You’ve got to hand it to Maddow. Other primetime talk show hosts have made it their operative shtick to interrupt and berate their guests. In this interview, though, Maddow gives Bahati ample room to lay out his argument. She herself is direct and on point, and asks Bahati some simple, insightful questions — questions that uncover the vacuum of an argument that Bahati depends on in order to defend his "Kill the Gays" bill.
Near the beginning of the interview, Bahati claims that foreign money is being used to recruit Ugandan children into homosexuality:
"…We have a huge problem in our country…the problem of people who are coming from abroad…investing money to recruit children…into a behavior that we believe is a learned behavior and can be unlearned…"
Later on, Bahati gets more concrete: he claims that, in the last seven months, close to 15 million U.S. dollars have been invested in part in this harmful recruitment program. When pressed by Maddow to present some actual evidence, though, the Ugandan politician can’t muster anything. He only says that he is "very willing to publish these facts" on this deliberate targeting of Ugandan children. (Honesty, we hope to see Maddow follow up with Bahati regarding this offer.)

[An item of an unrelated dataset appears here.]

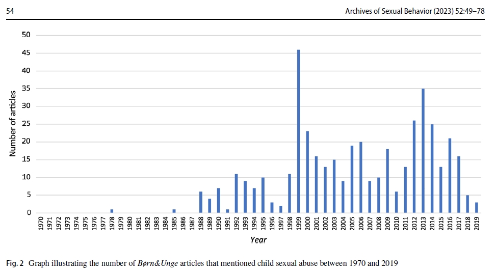 Von 1970 bis 1985 gab es in B&U nur zwei Artikel über CSA [Child Sexual Abuse]. Dieses Zeichen der Absenz des CSA-Themas wird durch den Inhalt der Artikel bestätigt. Der erste war ein Bericht eines dänischen Kinderarztes vom Zweiten Internationalen Kongress über Kindesmisshandlung und Vernachlässigung in London im Jahr 1978. Es wird erklärt, dass man erst in letzter Zeit zunehmend auf CSA aufmerksam geworden sei, sowohl in Europa als auch in den USA, und dass die meisten Redner über CSA auf dem Kongress Amerikaner waren. So argumentierte ein amerikanischer Redner, dass mindestens eines von vier Kindern mindestens einen sexuellen Übergriff vor seinem achtzehnten Lebensjahr erlebt. Der Bericht des Kinderarztes stützt somit das Argument, dass die große Aufmerksamkeit auf CSA in den Vereinigten Staaten Ende der 1970er Jahre begann und in den 1980er Jahren nach Europa exportiert wurde. Dies wird auch durch den zweiten Artikel über CSA aus diesem Zeitraum betätigt, eine Rezension eines amerikanischen Kinderbuchs aus dem Jahr 1985, das Kinder ermutigt, sich einem Erwachsenen anzuvertrauen, wenn sie sexuellen Missbrauch oder andere Verletzungen der persönlichen Grenzen durch Erwachsene oder ältere Kinder erfahren. Mitte der 1980er Jahre war sexueller Missbrauch von Kindern ein Thema, das in Dänemark überhaupt nicht existierte, und die Zählung der B&U-Artikel, die die CSA zwischen 1970 und 2019 erwähnten, bestätigt, dass die B&U erst im Jahr 1988 begann, regelmäßiger über CSA zu schreiben (Abb. 2).

All in all, it’s a compelling interview. And for U.S. LGBT rights and human rights activists, I hope that they can read between the lines when Bahati says in the interview that he is willing to drop the Anti-Homosexuality Bill’s "aggravated homosexuality" clause — a stipulation that would impose the death penalty on certain LGBT Ugandans. Here, it seems like Bahati is pushing his grand bargain: he’s willing to take the death penalty off the table in exchange for keeping the life imprisonment clause and other odious stipulations in the bill. Hopefully that’s a "compromise" that the Ugandan Parliament and Uganda President Yoweri Museveni — and we (as shown in our continued activism) — won’t accept.